As First Albany investment strategist Ed LaVarnway switched on his computer screen early that Monday, prices on benchmark 30-year U.S. Treasury bonds had already begun sliding, pushing yields (which move in the opposite direction) upward. By day's end, the yield had risen to 6.06%, from 5.94% the previous Friday. "People were waiting for an excuse to sell," he says. "And then the Wall Street Journal story hit and took on a life of its own. It was the catalyst."

Meanwhile, the initial plunge in prices on the stock market ran its course, and the Dow ended the day down 147. In 390 minutes of trading time Monday, approximately $233 billion in stock-market wealth had melted away. Some savvy investors, such as Los Angeles money manager Jeff Bierman, saw the pandemonium as an opportunity. "I took a deep breath," he says, "realized that this was a necessary purging process, and picked up some great bargains: Johnson & Johnson at $68, Merck at $112, and General Electric at $82."

Some individual investors jumped ship. Hewitt Associates reports that trading volume doubled that day in the 40 corporate 401 (k) retirement plans it tracks, representing $55 billion in assets and 1.4 million investors. Frightened investors shifted only 0.1% of total assets from stocks to bond or money-market funds.

"It clearly was a panicky moment," says Scudder Kemper Investments strategist John Silvia. "The Fed had just shifted to a neutral stance in December. A lot of people were saying the evidence of economic weakness from the crisis in Asia was on the horizon. Suddenly everyone was forced to reevaluate assumptions about inflation and interest rates." Indeed, the rates on six-month Fed funds futures--a proxy for what investors believe the Federal Reserve will charge banks for overnight loans next October--moved 0.1 percentage point, from 5.6% to 5.7%, in that single April day.

THE REACTION SETS IN

Others saw behind the Journal story an effort by the Fed to forewarn financial markets of a hike in short-term interest rates, which it controls. "The fact of the story was not the real story," explains Joel Prakken, chairman of Macroeconomic Advisers, in St. Louis. He says most experts knew the Fed was moving toward increasing interest rates. "The real issue was whether this was the beginning of an organized effort by the Fed to prepare the market for tightening. It seemed to be interpreted that way on Monday."

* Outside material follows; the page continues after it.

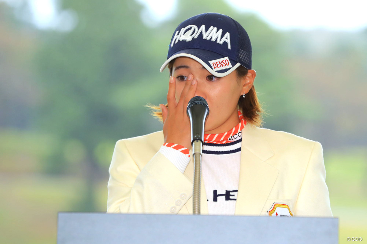 前日からの降雨で最終日の中止が決定し、2日目を終えてトップにいた20歳の永井花奈がタイトルを手にした。思わぬ形での初優勝に驚きを隠せず、家族とともに出席した表彰式で「予想外の中止だったけど、本当にうれしい」と涙を流した。

But by Tuesday morning markets had already begun to rebound, based on second-day stories reacting to the Wall Street Journal article. The most prominent piece was penned by Washington Post reporter John Berry, who is perceived by many Fed watchers as a virtual mouthpiece for chairman Alan Greenspan. In Tuesday and Wednesday editions of the Post, Berry wrote pieces confirming that the Federal Reserve had issued a directive shifting its bias toward raising short-term interest rates. But Berry pointed out that such moves do not necessarily presage an actual rate hike.

In fact, the Fed leaned in the direction of higher rates in July 1996, but didn't raise them until March 1997. Similarly, the central bank leaned toward higher rates from May through November of last year, then retreated to a neutral stance in December in response to the Asian crisis. "Issuing a directive is a way of building consensus within the Fed's board," says Berry. But what happens after that is anyone's guess.

THE BOSOM OF GREENSPAN

By now the spin cycle was in high gear. The word sweeping through Wall Street canyons was that a Fed "hawk"--someone on its board of governors anxious to squelch inflation by raising interest rates--had leaked the March directive to Wessel to warn investors of impending Fed action. Or, in another equally bizarre twist of the tale, this source had leaked word in order to build public support for an eventual hike in interest rates.

Similarly, Fed watchers seemed convinced that Greenspan had summoned Berry to his bosom for a "deep, deep background session," which in Washington-speak means off the record and not for attribution even to an unnamed Fed source. Says Schwab Washington Research Group director Greg Valliere: "My bet is that Greenspan saw Monday's Journal and called Berry to set the record straight--that just because the Fed adopted a bias toward restraint of the economy doesn't mean it will tighten the strings soon."